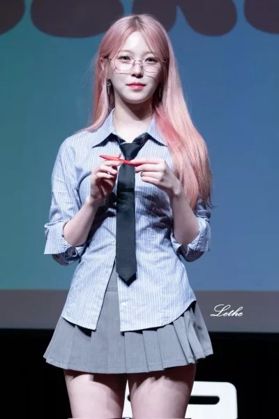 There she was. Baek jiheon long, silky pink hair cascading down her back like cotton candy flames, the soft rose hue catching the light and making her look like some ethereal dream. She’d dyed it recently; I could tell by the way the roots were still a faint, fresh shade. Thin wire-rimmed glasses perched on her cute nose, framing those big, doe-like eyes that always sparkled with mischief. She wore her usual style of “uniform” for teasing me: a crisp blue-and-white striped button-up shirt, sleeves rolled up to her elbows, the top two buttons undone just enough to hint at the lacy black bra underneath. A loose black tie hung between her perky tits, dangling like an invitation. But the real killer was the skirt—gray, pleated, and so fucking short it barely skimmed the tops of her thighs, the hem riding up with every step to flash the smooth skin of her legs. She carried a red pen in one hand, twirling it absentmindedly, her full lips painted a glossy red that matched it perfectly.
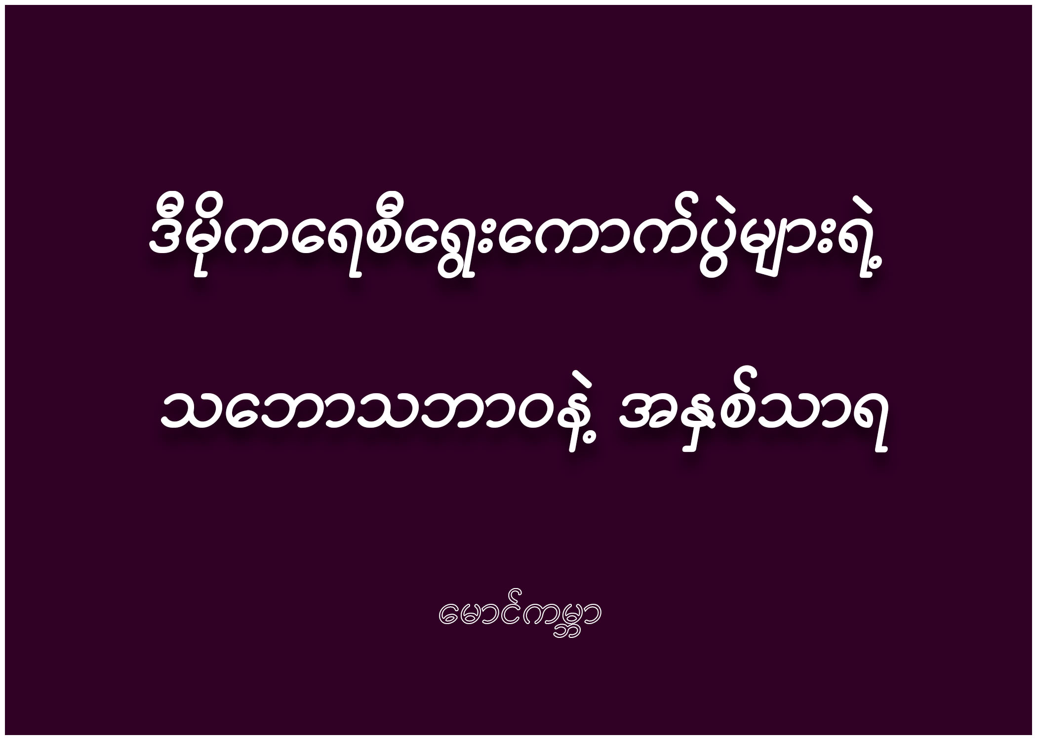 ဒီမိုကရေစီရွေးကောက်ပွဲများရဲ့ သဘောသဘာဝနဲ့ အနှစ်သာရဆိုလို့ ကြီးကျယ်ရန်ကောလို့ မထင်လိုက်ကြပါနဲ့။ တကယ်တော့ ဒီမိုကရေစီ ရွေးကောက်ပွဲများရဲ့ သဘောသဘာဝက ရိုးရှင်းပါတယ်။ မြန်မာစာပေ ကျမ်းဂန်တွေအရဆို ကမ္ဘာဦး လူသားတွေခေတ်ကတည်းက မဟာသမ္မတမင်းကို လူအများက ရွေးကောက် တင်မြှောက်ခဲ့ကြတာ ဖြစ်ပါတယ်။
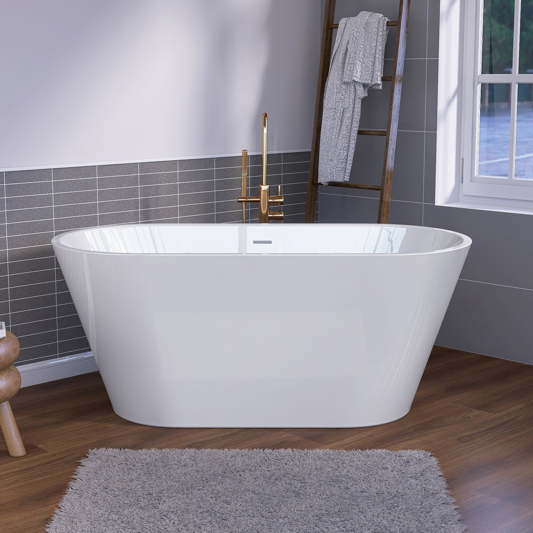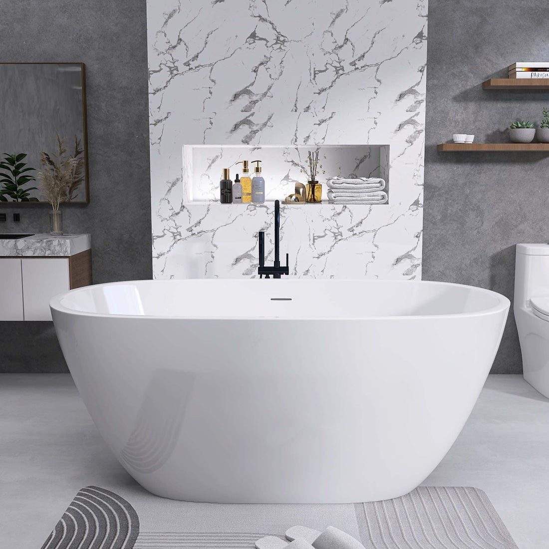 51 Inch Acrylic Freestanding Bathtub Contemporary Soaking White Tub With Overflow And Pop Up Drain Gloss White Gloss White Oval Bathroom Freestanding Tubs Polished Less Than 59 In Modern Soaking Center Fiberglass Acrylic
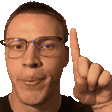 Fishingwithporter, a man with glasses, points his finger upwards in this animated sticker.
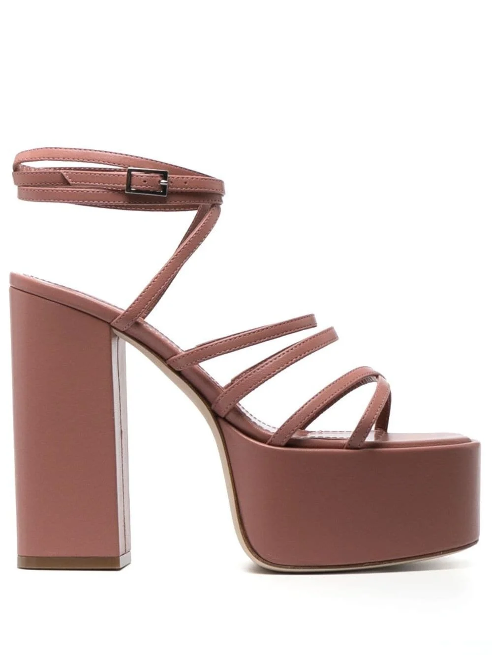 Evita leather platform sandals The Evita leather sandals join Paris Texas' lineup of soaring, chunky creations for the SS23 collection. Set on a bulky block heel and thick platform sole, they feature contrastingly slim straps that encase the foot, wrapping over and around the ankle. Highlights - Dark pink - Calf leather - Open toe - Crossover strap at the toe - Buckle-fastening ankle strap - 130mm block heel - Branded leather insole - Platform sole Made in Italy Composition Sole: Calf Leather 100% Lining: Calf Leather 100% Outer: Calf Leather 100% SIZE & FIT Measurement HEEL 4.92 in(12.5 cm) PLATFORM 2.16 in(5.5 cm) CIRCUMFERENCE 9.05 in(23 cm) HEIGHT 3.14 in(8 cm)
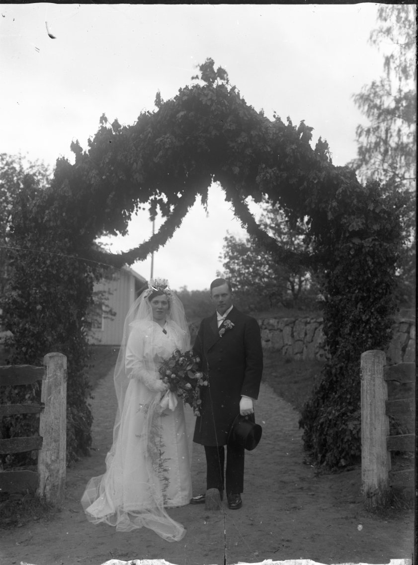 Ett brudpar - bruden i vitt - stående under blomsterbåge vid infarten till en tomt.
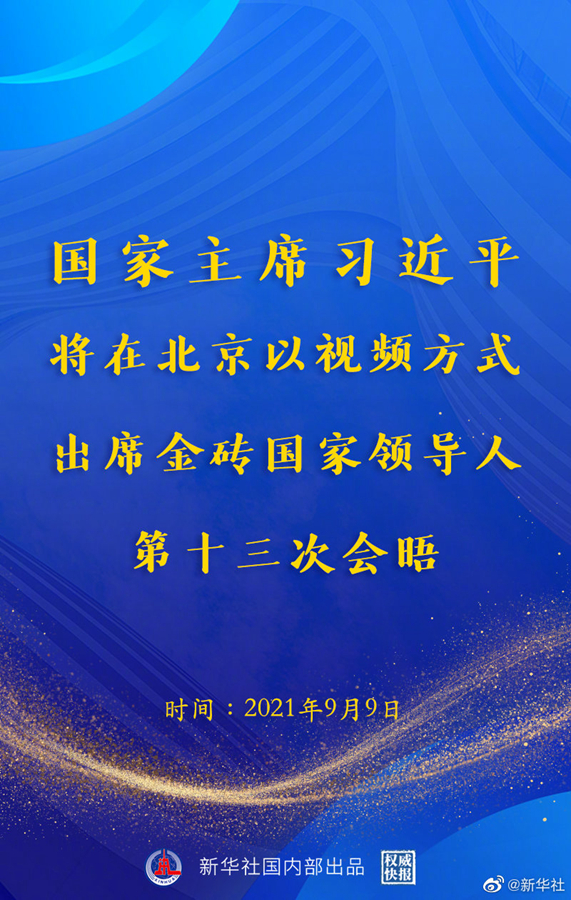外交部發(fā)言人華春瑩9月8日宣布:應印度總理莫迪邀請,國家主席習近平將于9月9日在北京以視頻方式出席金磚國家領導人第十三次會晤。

- **Task to complete**
Give again, word for word, the line that contains "Ett brudpar - bruden" and every line after it through the end of the entries; omit the pictures.

- **Exercise result**
 Ett brudpar - bruden i vitt - stående under blomsterbåge vid infarten till en tomt.
外交部發(fā)言人華春瑩9月8日宣布:應印度總理莫迪邀請,國家主席習近平將于9月9日在北京以視頻方式出席金磚國家領導人第十三次會晤。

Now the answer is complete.